昭和平成令和見聞録

祝!令和”三種の神器とは”?

やまたのおろち
  • 読み:さんしゅのじんぎ
  • 別名:三種神器

三種の神器の意味(三種の神器とは)

三種の神器とは「八咫鏡」「草薙の剣」「八尺瓊勾玉」の3つで、鏡、剣、玉のことです。三種の神器は、日本神話で天照大神の孫にあたる瓊々杵尊が、地上に降臨するときに授けられたものと伝えられています。天皇家の皇位継承の際に、代々伝えられてきたといわれています。

八咫鏡は、伊勢神宮の神体で、天照大神が天岩戸に隠れたときに、外に引き出すために使われました。賢所とも言われています。鏡は知恵を象徴しています。

草薙の剣は、熱田神宮の神体で、須佐之男命が八岐大蛇を退治した時に蛇の尾から出てきたといわれる剣です。剣は勇気や武力の象徴です。

八尺瓊勾玉は、八咫鏡とともにの木にかけて岩戸隠れの際に使われました。宮中に安置されているといわれます。玉は慈悲深さを表すものです。

三種の神器の実際

神器とは神の依り代のことでもあります。

神葬祭では霊璽を鏡の前に飾り、五色旗に刀や勾玉、鏡などを飾ります。鏡の後ろに扉を置き、祭りなど特別なときにだけ開くというのも、神道の特徴です。

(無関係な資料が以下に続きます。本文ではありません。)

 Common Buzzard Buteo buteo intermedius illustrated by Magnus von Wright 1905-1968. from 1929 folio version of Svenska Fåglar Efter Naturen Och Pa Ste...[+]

三種の神器も、こうした神道の一部だ。神々から、直系の子孫とされる皇室に代々伝えられていると言われている。日本の天皇は王冠を被らない代わりに、三種の神器が皇位を表す。しかし、神聖なこれらの宝物は、人々の目から隠されている。

名古屋大学の河西秀哉教授はBBCの取材に対し、「いつ作られたのか分からないし、見たことがありません」と説明した。

「天皇ですら見たことがないのです」

皇室の即位式である「即位の礼」においてさえ、形代(かたしろ、レプリカ)を使う。なお、このレプリカもまだ披露されていない。

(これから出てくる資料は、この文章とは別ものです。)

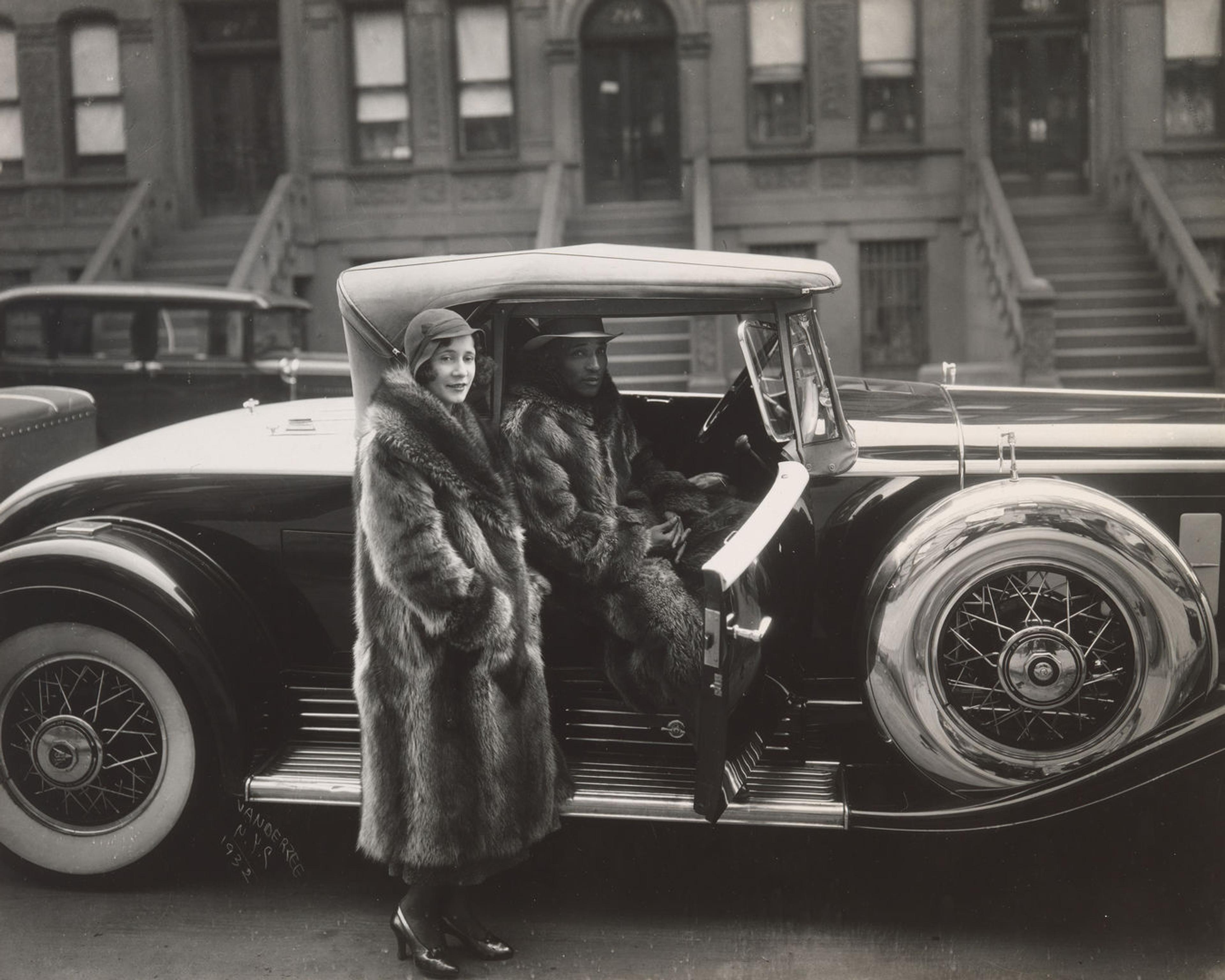 COOKS: Everything about this photograph is impressive. From the background brownstones that we can see in the recess of the photograph to the cars in the photograph, particularly this very fancy Cadillac that takes up most of the picture. And we have this gorgeous couple. The man who’s in the car wearing this full-length raccoon coat, and the woman who’s standing elegantly. I mean, it may have been posed, but it may have just been a really opportunistic photograph of seeing these two people and being so inspired by the way that they look that James Van Der Zee stopped to take their picture.

オリジナルは、もし本当にそこにあるとすれば、日本各地の神社にとどまることになる。

八咫鏡(やたのかがみ)

1000年以上も前に造られたとされる八咫鏡は、三重県の伊勢神宮に納められていると信じられている。

倫理学の研究機関「モラロジー研究所」の竹中信介博士によると、三種の神器の中でも八咫鏡が最も神聖とされている。

1989年に天皇が即位された際、八咫鏡だけは「剣璽等承継の儀(けんじとうしょうけいのぎ)」で継承されず、皇居の賢所(かしこどころ)で個別に祭儀が行われた。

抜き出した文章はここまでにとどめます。